This question is often asked by an observer watching an overweight or obese person eat something considered calorific. Maybe you’re the one doing the observing, or perhaps unknown to you, you are the observed? As mentioned in my previous blog, this fat shaming is not appropriate. But, on this occasion, I will be discussing the possible answer to the question asked above. This being another factor which is thought of as a cause of obesity.
Welcome to the Obesogenic Environment!
First, let’s look at how eating has changed over the years.
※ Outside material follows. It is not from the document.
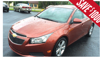
2013 CHEVY CRUZE 2LT Loaded with Leather Trim PAYMENTS AS LOW AS $249/MO*

Ask about our Guaranteed Credit Approval

As a child growing up in a Caribbean household, we mainly ate home cooked meals. On Saturdays, we would often have Mum’s homemade Caribbean soup. On Sunday’s we would have a large meal of meat or poultry, rice and peas, and vegetables. Which would be filling the air with lovely aromas by the time we returned from church and Sunday School. This would be followed either by my then favourite, tutti-frutti ice cream, or fruit salad with evaporated milk. During the week, local businesses would close at 5pm, banks closed at 3pm and if you forgot to buy something form the shops on Saturday, you would have to wait until Monday before replenishing that forgotten item. Throughout the rest of the week, we would continue to have home cooked meals, but on a Friday we often had a takeaway meal consisting of fish & chips once a week. This was a routine in many Caribbean families. The only other takeaway food I knew of as a child was the deliciously golden pastry wrapped well seasoned beef or chicken pattie or my treasured 99 Flake from the ice cream van. Which my parents were certain that I could hear coming from a mile away, as I ran up to them screaming “ice creeeeeeam”
As I got older, I had pizza, Chinese food or Indian food only with friends outside of the home environment. I had my first McDonalds at 16 when they opened in branch in my local area of Harlesden. KFC was a staple after raving as a young adult, as they remained opened until 2am.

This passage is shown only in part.